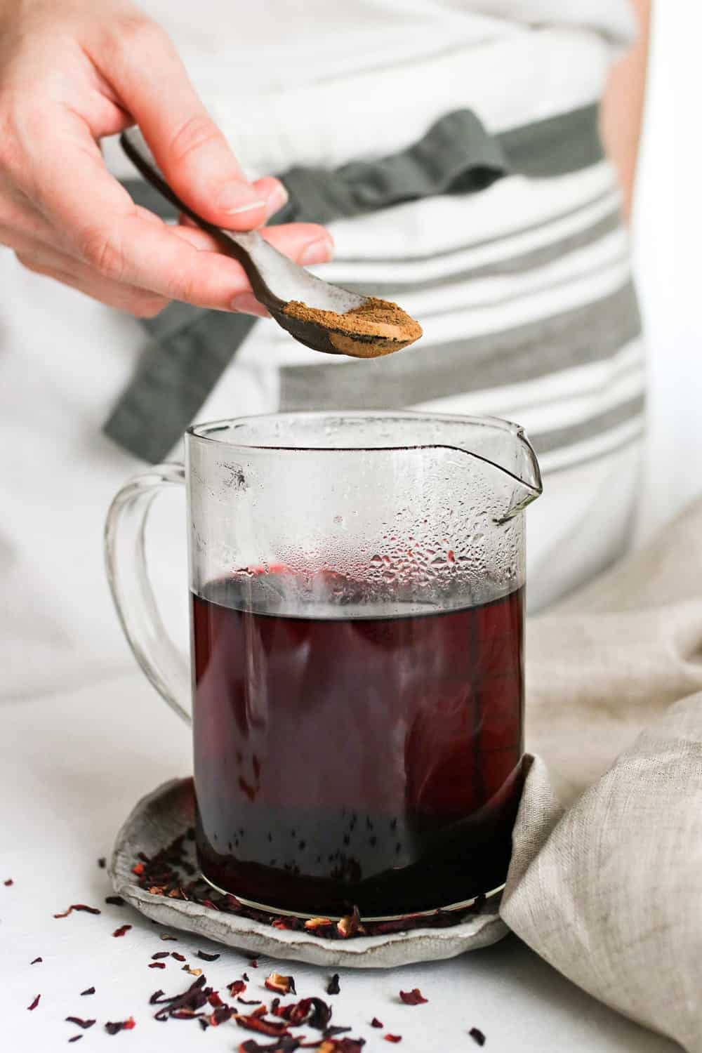 Ingredients: organic hibiscus petals, distilled water, witch hazel, rosehip oil, pomegranate powder
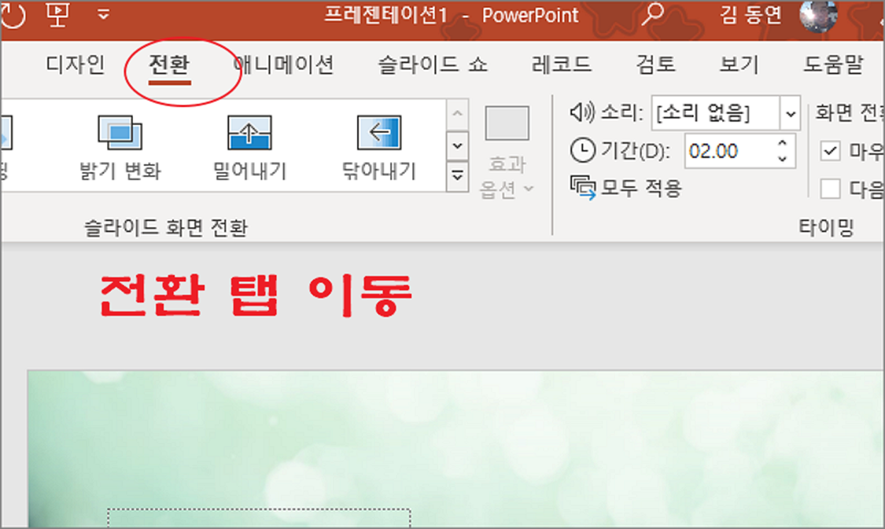 ▼ 마지막으로 하나 더 체크할 것이 있습니다. 슬라이드 전환할 때 필요한 마우스 클릭 옵션입니다. 상단 전환 탭을 클릭합니다.
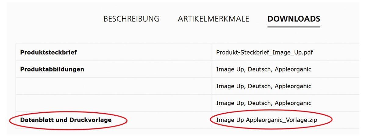 - Laden Sie die entsprechende Druckvorlage herunter (zu finden am Ende jeder Produktseite unter „Downloads“).

********************

The result should be the full listing, retyped exactly and free of pictures.

* **EXERCISE SOLUTION**:
 Ingredients: organic hibiscus petals, distilled water, witch hazel, rosehip oil, pomegranate powder
 ▼ 마지막으로 하나 더 체크할 것이 있습니다. 슬라이드 전환할 때 필요한 마우스 클릭 옵션입니다. 상단 전환 탭을 클릭합니다.
 - Laden Sie die entsprechende Druckvorlage herunter (zu finden am Ende jeder Produktseite unter „Downloads“).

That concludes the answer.